La société est malade de l’anti-ostracisme

Abstract: La société est malade de l’anti-ostracisme autant que de l’ostracisme, celui-ci devant être vu comme une défense pour ceux qui n’ont pas les moyens d’étendre davantage leurs cercles sociaux. Détruire ces défenses les leur fait rebâtir aussitôt, et s’y jucher avec encore plus de hargne qu’auparavant. Nous devons arrêter d’utiliser l’idéalisme comme impérialisme, quelle que soit la beauté de l’idéal, car il s’agit d’un repère et non d’un objectif atteignable. L’idéal fanatisé est ce qui a pourri la réputation du wokisme. L’idéal se moque du vécu. Même universel il appartient toujours à un cercle particulier, qui veut gommer les autres, effaçant nos racines identitaires. L’anti-ostracisme est anti-identitaire, tandis que c’est le non-ostracisme qui permet à notre identité de s’élargir.

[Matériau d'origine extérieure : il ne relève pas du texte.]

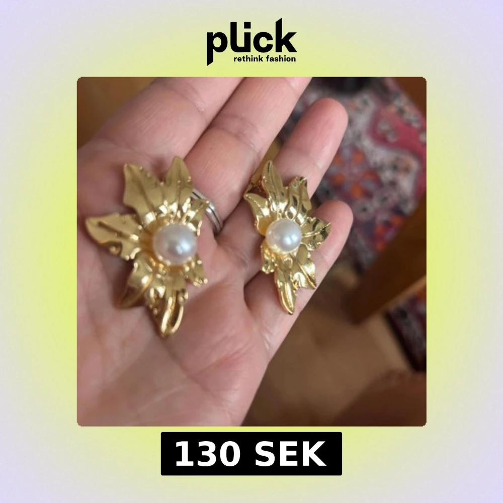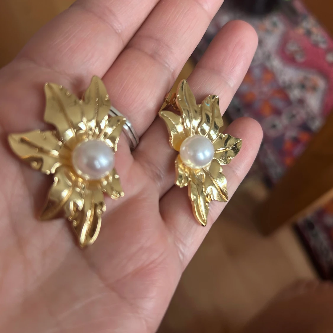 Unika örhängen i form av blommor med guldig metall och en vit pärla i mitten. De har en snygg, glansig finish och ger en lyxig känsla till din stil. Perfekta för dig som vill sticka ut med något extra.
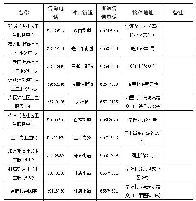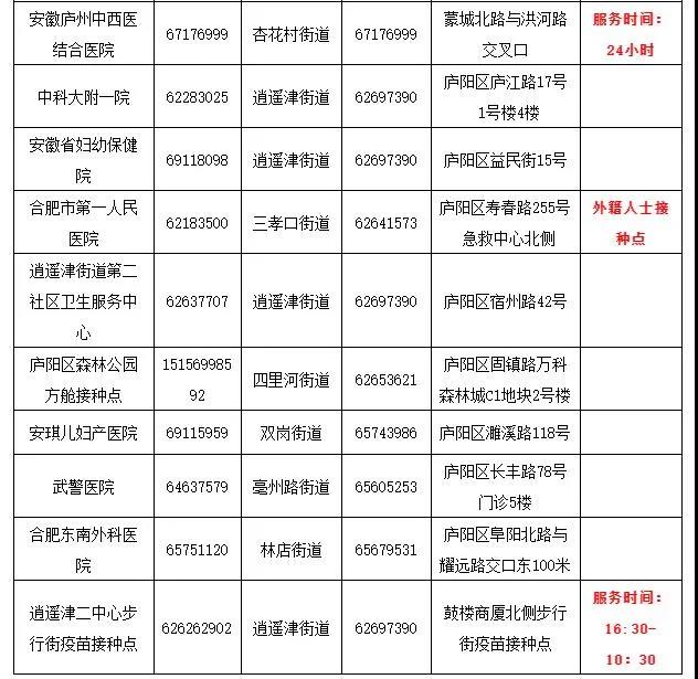 廬陽區(qū)接種單位一覽:

L’idéalisme est un impérialisme

L’idéalisme est le plus absolu des impérialismes, celui qui ne souffre aucun compromis. Il n’existe que dans le cerveau humain, schéma neural éphémère qui se cherche dans la réalité et désespère de ne pas s’y trouver. Pourquoi se maintient-il dans ce cas ? L’évolution n’aurait-elle pas du l’envoyer définitivement dans la poubelle des échecs conceptuels ? C’est bien ce qui survient quand l’idéal sert de guide aux organisations sociales trop radicales. Elles échouent et l’idéal est moqué.

Mais il ressurgit rapidement à la génération suivante, qui n’en a pas fait l’expérience dans ses tripes, qui lit l’Histoire d’un oeil peu intéressé, qui se sait forcément meilleure que ses aïeux ! L’idéal a cette séduction permanente de proposer une solution finale, totalitaire, à un problème durable et gênant, insoluble jusque là. Tout compromis ne ferait pas disparaître le problème. Le monde est une suite de conflits intriqués et l’esprit peine à les gérer ensembles. Il pense réduire la difficulté en résolvant définitivement certains d’entre eux. Illusion bien sûr, car aucun n’est indépendant des autres. Mais l’idéaliste est un orgueil hypertrophié, persuadé de pouvoir amener le réel à épouser entièrement son monde intérieur, davantage encore quand il s’est persuadé de la pureté de ses intentions.

L’idéal durci à la flemme

Cet idéaliste exalté est épaulé par le faux idéaliste, le flemmard, celui qui voit dans l’idéal un moyen facile de résoudre les problèmes. Avec l’idéal, pas besoin de réfléchir, on repose son esprit, on oppose l’idéal aux incessants contempteurs, la vie est plus paisible. L’idéal a ses zélotes et ses soutiens négligents, ce qui rassemble déjà beaucoup de monde et conforte sa longévité. S’ajoutent à eux les esprits légers et papillonnants fascinés par les promesses attachées à l’idéal, et alors nous avons une très large majorité de la population pour l’embrasser. Ceux qui se fatiguent à penser la complexité des problèmes sont inaudibles et guère récompensés.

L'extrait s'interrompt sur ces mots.